TOlessia Piperno, since her return to Italy after her imprisonment in Iran, had not written anything about hers Instagram profileused by travel blogger just like travel notebook on which to tell day by day what happened to her in each new goal she reached.
Alessia Piperno returns to write about Iran
And she had also done so when she was in Tehran, up until the moment she was arrested it is still unknown for whatif not for his alleged participation in the freedom protests that erupted in the country afterwards the death of Mahsa Aminathe young woman killed for a lock of hair that protruded from the veil.
For the traveller, obviously, now is the time to put black and white some of his reflections on those dramatic moments lived, in a flow of words with which to share states and emotions experienced when she was completely alone in one of the toughest prisons in all of Iran.
A past still too present
And so Piperno recounts some details of his experiencein a mix of recent and past memories, current affairs and history.

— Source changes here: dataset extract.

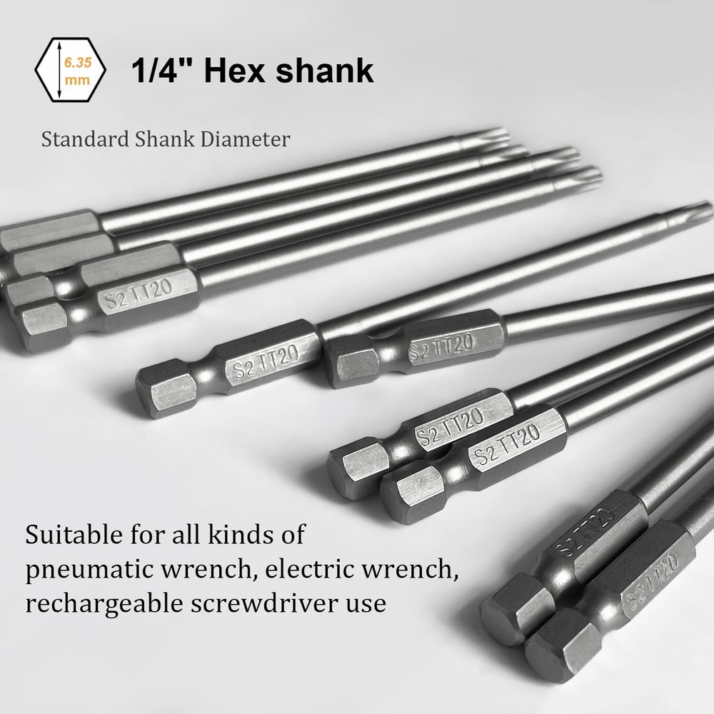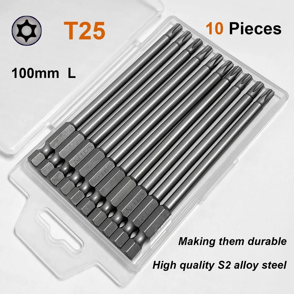10PCS T25 Torx Screwdriver Bit Sets, 4‘’Length Magnetic Security Torx Bits Set ( The Torx Drill Bit Set includes 10 pieces of T25 security Torx bits that are 4 inches (100mm) long. Made from selected S2 alloy steel material with vacuum high-frequency quenching treatment, these bits have high hardness and torque, making them durable and resistant to breaking. Implementing CNC integrated processing for Bits results in integral molding, leading to increased precision and standardization in size. This ensures excellent quality by using preferred materials. The high concentricity is ensured for better performance. Torx bits are magnetic and can easily connect with screws. If you're looking for a torx security bit set that is reliable and durable, look no further than the PTSLKHN 10PCS T25 Security Torx Bit Set. Order yours today and experience the benefits of having a high-quality torx bits set at your fingertips. Shipping We offer FREE shipping on all orders! We ship within Three business days of payment, usually sooner. We use a selection of shipping services such as UPS, FedEx, USPS etc. We only ship to the lower 48 states, no APO/FPO addresses or PO Boxes allowed. Local pickups and combined shipping options are not provided at this time. Return You can return a product for up to 30 days from the date you purchased it. Any product you return must be in the same condition you received it and in the original packaging. Please keep the receipt. Payment We accept payment by any of the following methods: PayPal Please pay as soon as possible after winning an auction, as that will allow us to post your item to you sooner! Feedback Customer satisfaction is very important to us. If you have any problem with your order, please contact us and we will do our best to make you satisfied. Contact Us If you have any queries, please contact us via ebay. We usually respond within 24 hours on weekdays. Please visit our eBay store to check out other items for sale! Thank you for shopping at our store.

«In the first days of September, I went to visit a prison in Tehran for the first time in my life. It was the prison of Ebrat, which has now become a museum, but was once used by the Savak secret police to torture detainees. “The screams of the prisoners could be heard throughout the prison,” my guide told me. “Are there still such prisons in Iran?”. I asked. He sighed. “Sadly yes, Evin Prisonwhich is located right in the northern part of Tehran”.
I felt shivers run all over my body, without remotely imagining that 21 days later, I too would have been a prisoner, right in that prison».
The captivity and the terror of never going out again
Instead, the girl stays in that prison for 45 days, an eternity of time and terror due to the uncertainty of what could have happened and which fortunately didn’t happen.
“We had done nothing to deserve to be locked up within those walls, e I can’t deny that those were the hardest days of my life. I have seen, experienced and heard things, which I will never forget, and which will one day give me the strength to fight alongside the Iranian people.
At the time, I hadn’t participated in the protests, because it had been advised against us, and the sound of gunfire scared me. It’s different now. I’m at home, among my family and friends, free yes, but physically. It’s my mind that isn’tbecause my cellmates and thousands of other Iranians are still locked up in that corner of hell».
The memories that haunt Alessia Piperno
Experiences of this kind leave a marked mark and Piperno tells it as best he can: «I have returned to a normal life, I go out, sometimes I laugh, I make plans for my future, and I sleep in a bed. Today is Monday, today in prison we take a shower. Tomorrow is Tuesday, there are 5 minutes of air. My mind now lives a bit like this, between smiles, in a soft bed, a plate of pasta and between white walls where the screams never stop and where the air is breathed for 5 minutes, twice a week».
The cellmate who never came back from the infirmary
The posts published are two and the second is dedicated to his cell mate for 34 days, Fahimeh Karimi, sentenced to death for kicking a pasdaran. This story too it’s a punch in the stomach for those who watch what happens over there from their sofa at home, separated from that violence and suffering by miles and a TV screen.
«You are as white as that wall, it will be that by dint of looking at it, it ate your breaths. We’re hidden in a blind spot here, your screams are like the silence, you slam the door and step on your own tears. “AZADI! AZADI!” I sing you Bella bye, and you start crying, other times you clap my hands. I would like to tell you more, but what can I tell you? I’m scared, too.“Fatimah, Athena, Mohammed”. You keep yelling your children’s namesDid they hear your echo or does love not travel through bars?
They open that door because you make too much noise, but we are lifeless flesh, and they crush us like dry leaves, listen, they have no heart. You throw yourself on the ground with your head in your hands, press your fingers against your temples, you want to tear your thoughts away from your ears, they’re quicksand, I know it well. Tomorrow is a new day, maybe we’ll be free, even if yes, you’re right, I told you yesterday too. Here comes the pill that will sing us a lullaby, I take your hand, that’s the little I can do, put my head under the blanket, at least the lights are off there, look at the sky, can you see the stars too? Good night Fahimeh».
Fahimeh was Piperno’s cellmate for 34 days. One day she left the cell to go to the infirmary, and never came back.
What is the use of fighting, what is the use of all this?
“We didn’t have great conversations since I didn’t speak Farsi and she didn’t speak English. But we were united by the same pain and fears. I’ve been looking up her name every day since I got back, to see if they’d released her too. Instead I was faced with an article with her face saying “sentenced to death”. What does it take to stop all this? What the fuck is it for?”
This is the question that haunts the girl pervaded by that sense of defeat and resignation that all Iranian protesters must experience every day on their way home, along with the hope of not being killed the next day.